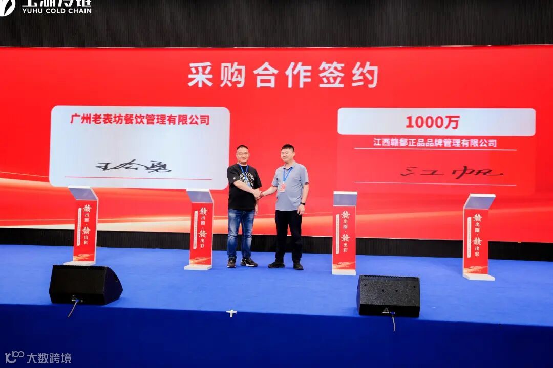 1、亿元大单引爆现场:广东潮汇水产有限公司、广州惠聚鲜供应链科技有限公司、广州万岛船夫国际贸易有限公司、泽其鲜食(广东)科技有限公司、领鲜供应链科技有限公司、广州市花都区东名海鲜批发商行、河南牛匠食品、南昌农业发展集团有限公司广州分公司、广州老表坊餐饮管理有限公司、江西赣鄱正品品牌管理有限公司等大湾区头部供应链企业现场签约超1.54亿元,涵盖冻品水产、乌鸡、麻鸭、甲鱼、米面粮油等品类,其中江西馆企业签约占比达68%。
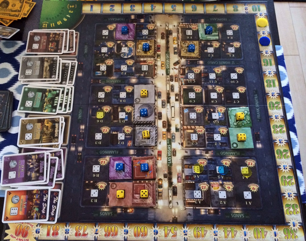 There are a lot of components that make Lords of Vegas tick. Featured on the game board alone are clusters of coded lots that contain dollar and die values. Along three quarters of the edges is a score track with unique intervals as players progress. On the one remaining side are spaces to keep track of all of the cards that have been played.
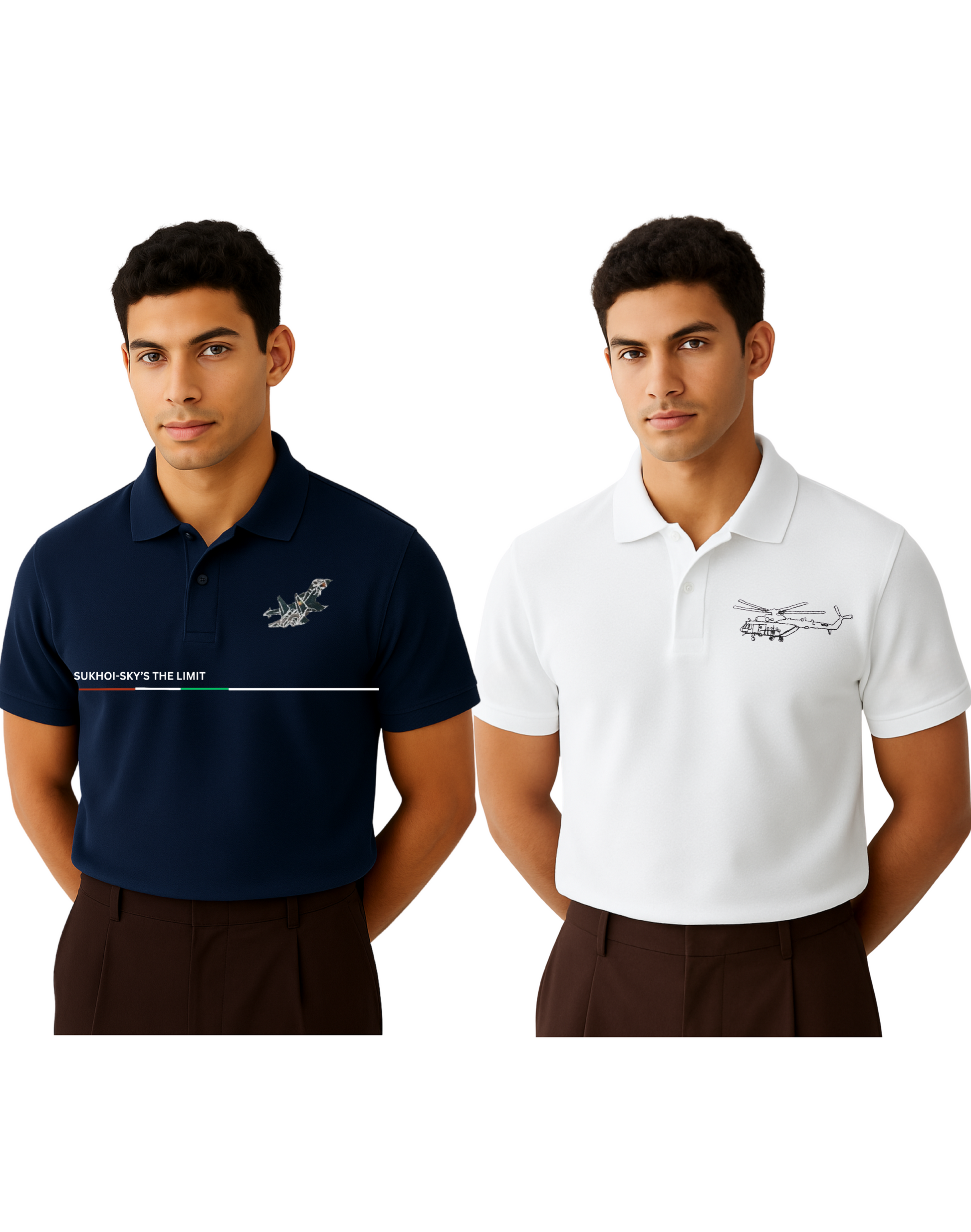Combo of 2 Indian Air Force Polo T-Shirts – MI-17 Helicopter & SU-30 Sky"s Limit

- _Brief_: Reproduce every line of the material above, but drop the pictures.

- _Task solution_:
 1、亿元大单引爆现场:广东潮汇水产有限公司、广州惠聚鲜供应链科技有限公司、广州万岛船夫国际贸易有限公司、泽其鲜食(广东)科技有限公司、领鲜供应链科技有限公司、广州市花都区东名海鲜批发商行、河南牛匠食品、南昌农业发展集团有限公司广州分公司、广州老表坊餐饮管理有限公司、江西赣鄱正品品牌管理有限公司等大湾区头部供应链企业现场签约超1.54亿元,涵盖冻品水产、乌鸡、麻鸭、甲鱼、米面粮油等品类,其中江西馆企业签约占比达68%。
 There are a lot of components that make Lords of Vegas tick. Featured on the game board alone are clusters of coded lots that contain dollar and die values. Along three quarters of the edges is a score track with unique intervals as players progress. On the one remaining side are spaces to keep track of all of the cards that have been played.
Combo of 2 Indian Air Force Polo T-Shirts – MI-17 Helicopter & SU-30 Sky"s Limit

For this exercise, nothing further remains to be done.